# Your objective
Your answer must be the exact lines from the one holding "这里有蒋中正 何应钦 顾祝同" through the end of the entries, with no pictures.

Material for this exercise START

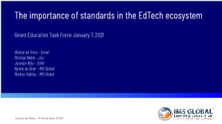 Thursday, 7 January 2021 from 14:00-15:30 CET | The importance of standards with the EdTech ecosystem All over the world, ICT is used more and more within education, especially during the COVID pandemia over the last year, where online education has become so important. To add educational value, many new ICT tools have been implemented at the universities, forming the so-called EdTech ecosystem. In order to make this EdTech ecosystem easy to create, reliable, flexible, future proof and accessible to all, it is essential to also focus on interoperability between tools, sharing data, data governance and accessibility. The easiest and most sustainable way to do this, is to work with existing and well-adopted EdTech standards (agreements). IMS Global is a community of institutions, vendors, schools, publishers and other EdTech related partners, that has developed a series of well adopted EdTech standards and tools, to help you to create a robust EdTech ecosystem. Examples are LTI, OpenBadges, EduAPI and QTI and the App Vetting tool. These standards form the foundation of the EdTech ecosystem, LTI for example defines the interoperability between tools on a detailed level. By leaving this interop In this session, we will share some practical examples of standards, introduce some of the relevant EdTech standards and discuss how you as an institution can benefit from them. Finally, we will listen to some of the members of the community on how they contribute to the IMS Global community and discuss with you what role you could play in there. To get inspired for this session, we recommend to watch this video of the Technical University of Eindhoven. A more detailed information document on the standards of IMS Global in relation to Géant is here. This document was created based on questions asked at the Géant Education TF meeting in Budapest, November 2019. | Nynke de Boer (IMS Global) Michael Webb (Jisc) Jasmijn Jacobs-Wijn (SURF) Wietze de Vries (Sunet) | Recording (only the presentation part): Presentation: Links: http://www.imsglobal.org/event/europe/2020 http://www.imsglobal.org/europe2019/presentations https://www.youtube.com/playlist?list=PLysC4Zd9-FmD773cUYratfgiwBtLGr7Jb http://www.imsglobal.org/dc/summit/2021 https://www.eduhub.ch/events/SWITCHverify-and-blockchain-basics/ https://docs.google.com/document/d/1DASCcO1vIyjzlTO7XES23mNRfFvXGT824dtIrLxWvTg/edit |
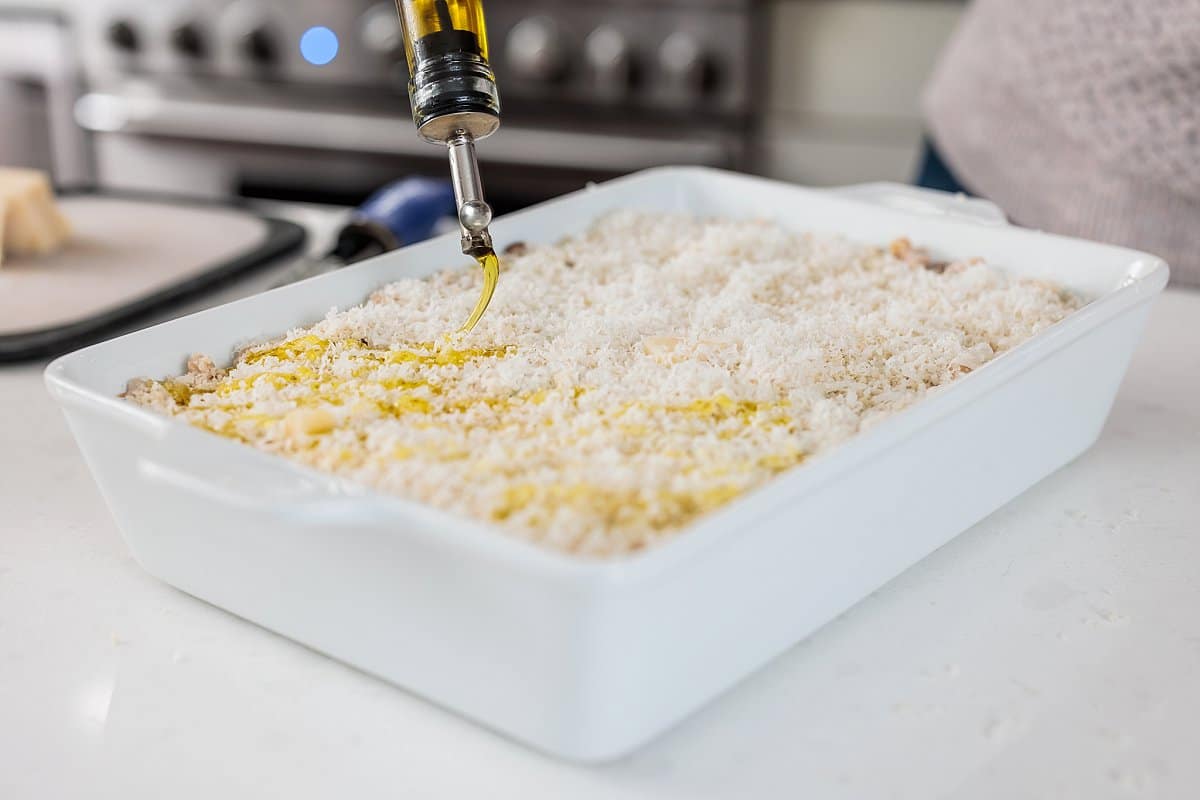 Then drizzle the whole thing with olive oil. Cover in foil, and pop it in the oven at 350 for 30-35 minutes. Remove the foil and continue baking for another 5-10 minutes until top is browned and crispy.
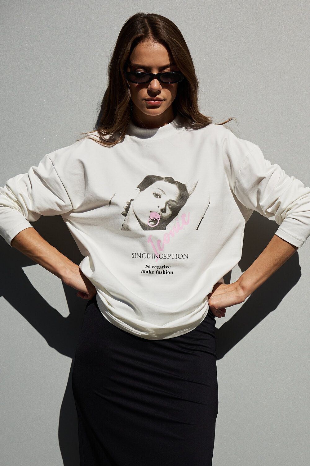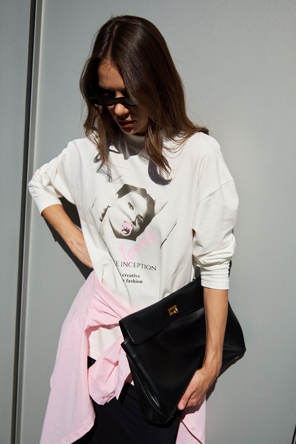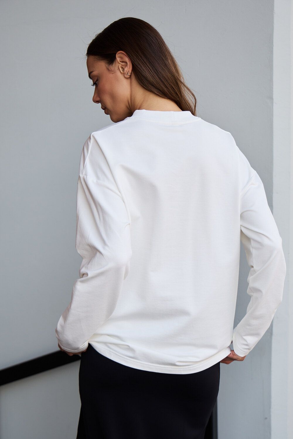 Лонгслив женский оверсайз идеально подойдет для создания модного образа . Эта кофточка с длинным рукавом станет универсальным элементом гардероба, гармонируя с любыми вещами.
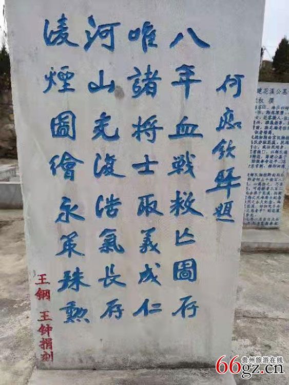 这里有蒋中正 何应钦 顾祝同 白崇禧 陈诚等数十块碑文及贵州省红十字基金会的《抗日英雄民族脊梁 功昭日月国人共仰》等纪念状,让人们在缅怀先烈时感动不己……
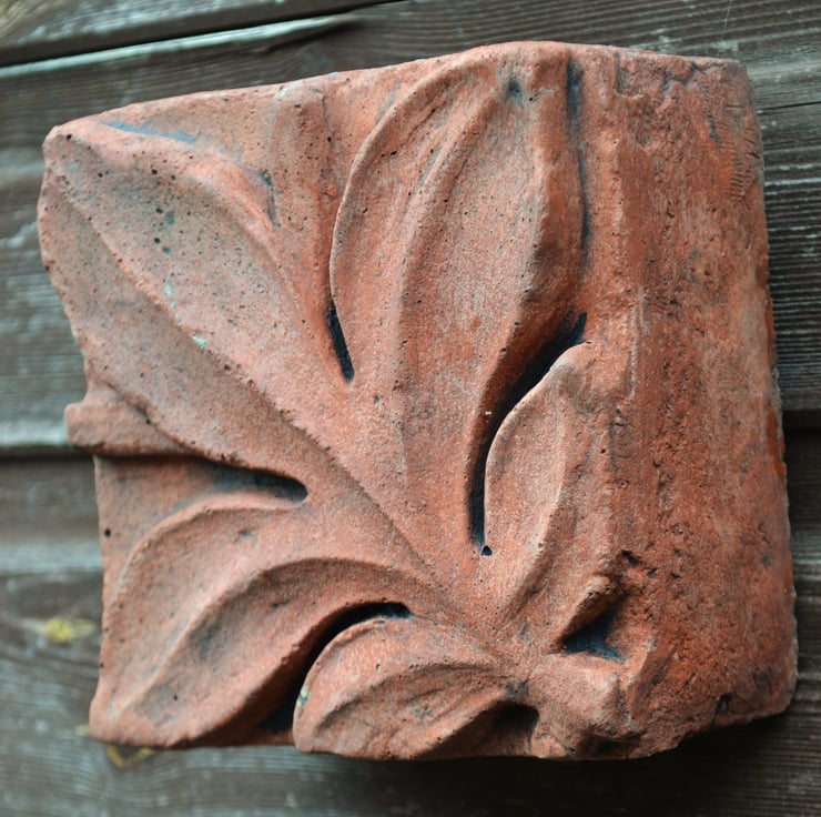 Copy of an antique decorative brick, usually found on period buildings as an architectural detail, hand cast at our workshops in Sussex in frost proof reconstituted stone in aged terracotta colour

Material for this exercise END

# Completed exercise
 这里有蒋中正 何应钦 顾祝同 白崇禧 陈诚等数十块碑文及贵州省红十字基金会的《抗日英雄民族脊梁 功昭日月国人共仰》等纪念状,让人们在缅怀先烈时感动不己……
 Copy of an antique decorative brick, usually found on period buildings as an architectural detail, hand cast at our workshops in Sussex in frost proof reconstituted stone in aged terracotta colour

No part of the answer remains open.